**Stored dataset items**
* * * * *

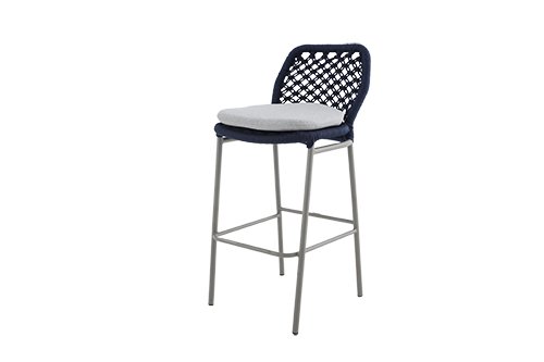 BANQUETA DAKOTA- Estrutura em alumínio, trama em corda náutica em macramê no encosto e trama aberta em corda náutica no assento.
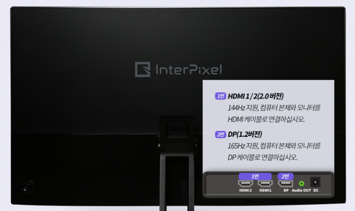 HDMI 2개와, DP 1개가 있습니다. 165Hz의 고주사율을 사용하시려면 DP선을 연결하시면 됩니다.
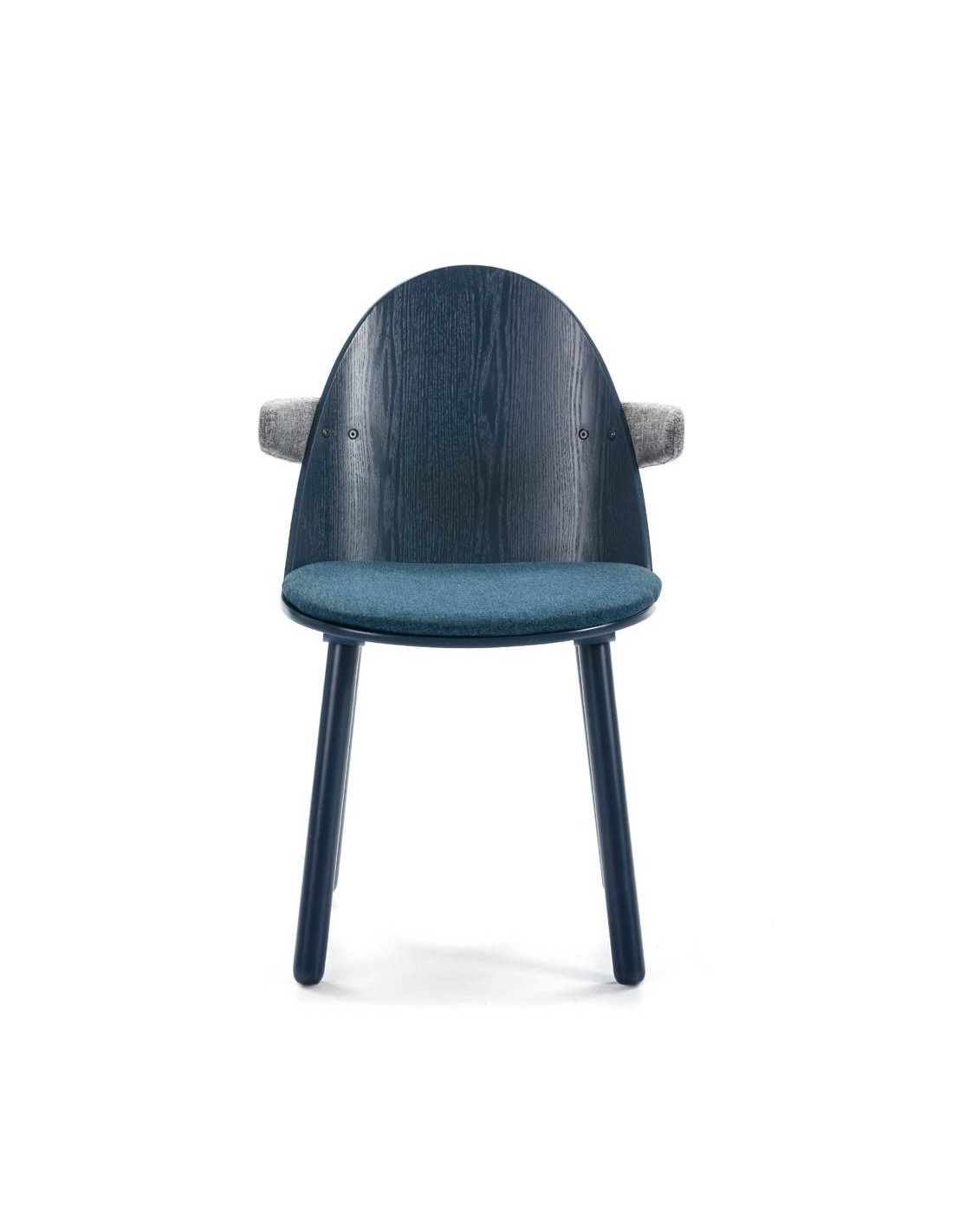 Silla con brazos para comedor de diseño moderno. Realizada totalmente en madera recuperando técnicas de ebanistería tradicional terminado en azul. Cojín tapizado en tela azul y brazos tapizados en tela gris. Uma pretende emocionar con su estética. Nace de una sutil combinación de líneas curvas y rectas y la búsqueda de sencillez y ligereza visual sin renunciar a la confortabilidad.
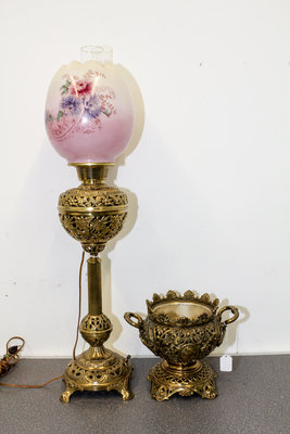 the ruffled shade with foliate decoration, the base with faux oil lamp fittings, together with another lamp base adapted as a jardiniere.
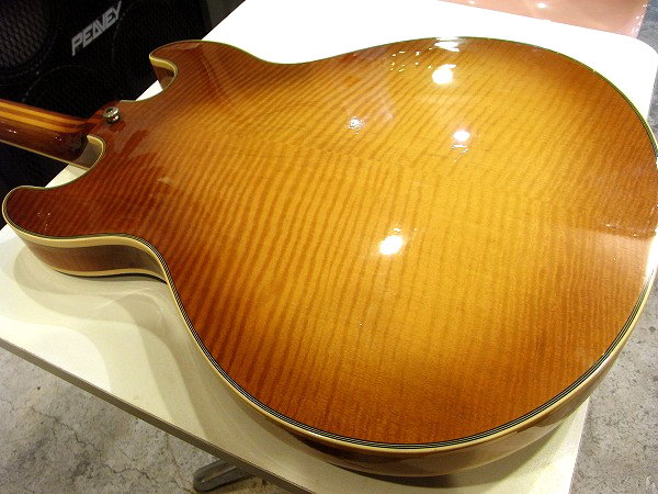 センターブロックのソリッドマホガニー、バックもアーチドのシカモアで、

* * * * *

**Directions for this task**
Output a precise copy of the entries, leaving the images out.

**Output below**
 BANQUETA DAKOTA- Estrutura em alumínio, trama em corda náutica em macramê no encosto e trama aberta em corda náutica no assento.
 HDMI 2개와, DP 1개가 있습니다. 165Hz의 고주사율을 사용하시려면 DP선을 연결하시면 됩니다.
 Silla con brazos para comedor de diseño moderno. Realizada totalmente en madera recuperando técnicas de ebanistería tradicional terminado en azul. Cojín tapizado en tela azul y brazos tapizados en tela gris. Uma pretende emocionar con su estética. Nace de una sutil combinación de líneas curvas y rectas y la búsqueda de sencillez y ligereza visual sin renunciar a la confortabilidad.
 the ruffled shade with foliate decoration, the base with faux oil lamp fittings, together with another lamp base adapted as a jardiniere.
 センターブロックのソリッドマホガニー、バックもアーチドのシカモアで、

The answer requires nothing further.